Dataset entries:

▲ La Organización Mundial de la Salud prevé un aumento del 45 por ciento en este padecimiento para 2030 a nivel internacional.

...

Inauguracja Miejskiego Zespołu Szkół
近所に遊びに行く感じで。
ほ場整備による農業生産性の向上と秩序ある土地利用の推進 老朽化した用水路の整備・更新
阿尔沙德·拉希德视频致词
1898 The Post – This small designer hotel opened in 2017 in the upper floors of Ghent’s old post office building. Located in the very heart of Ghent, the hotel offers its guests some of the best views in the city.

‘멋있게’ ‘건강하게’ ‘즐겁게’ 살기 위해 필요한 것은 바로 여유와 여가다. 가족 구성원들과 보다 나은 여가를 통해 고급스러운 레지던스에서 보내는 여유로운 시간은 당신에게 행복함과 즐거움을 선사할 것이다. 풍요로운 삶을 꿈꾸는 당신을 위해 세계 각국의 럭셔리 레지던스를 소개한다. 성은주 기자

--

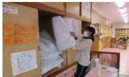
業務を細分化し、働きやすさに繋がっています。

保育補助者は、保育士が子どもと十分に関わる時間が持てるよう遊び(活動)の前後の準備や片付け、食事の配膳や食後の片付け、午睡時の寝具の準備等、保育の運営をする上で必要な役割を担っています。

Aim of the exercise: The entries above hold a line with "ほ場整備による農業生産性の向" and a later line with "소개한다. 성은주 기자". Write out exactly those lines and all lines between, nothing more.

Answer box:
ほ場整備による農業生産性の向上と秩序ある土地利用の推進 老朽化した用水路の整備・更新
阿尔沙德·拉希德视频致词
1898 The Post – This small designer hotel opened in 2017 in the upper floors of Ghent’s old post office building. Located in the very heart of Ghent, the hotel offers its guests some of the best views in the city.

‘멋있게’ ‘건강하게’ ‘즐겁게’ 살기 위해 필요한 것은 바로 여유와 여가다. 가족 구성원들과 보다 나은 여가를 통해 고급스러운 레지던스에서 보내는 여유로운 시간은 당신에게 행복함과 즐거움을 선사할 것이다. 풍요로운 삶을 꿈꾸는 당신을 위해 세계 각국의 럭셔리 레지던스를 소개한다. 성은주 기자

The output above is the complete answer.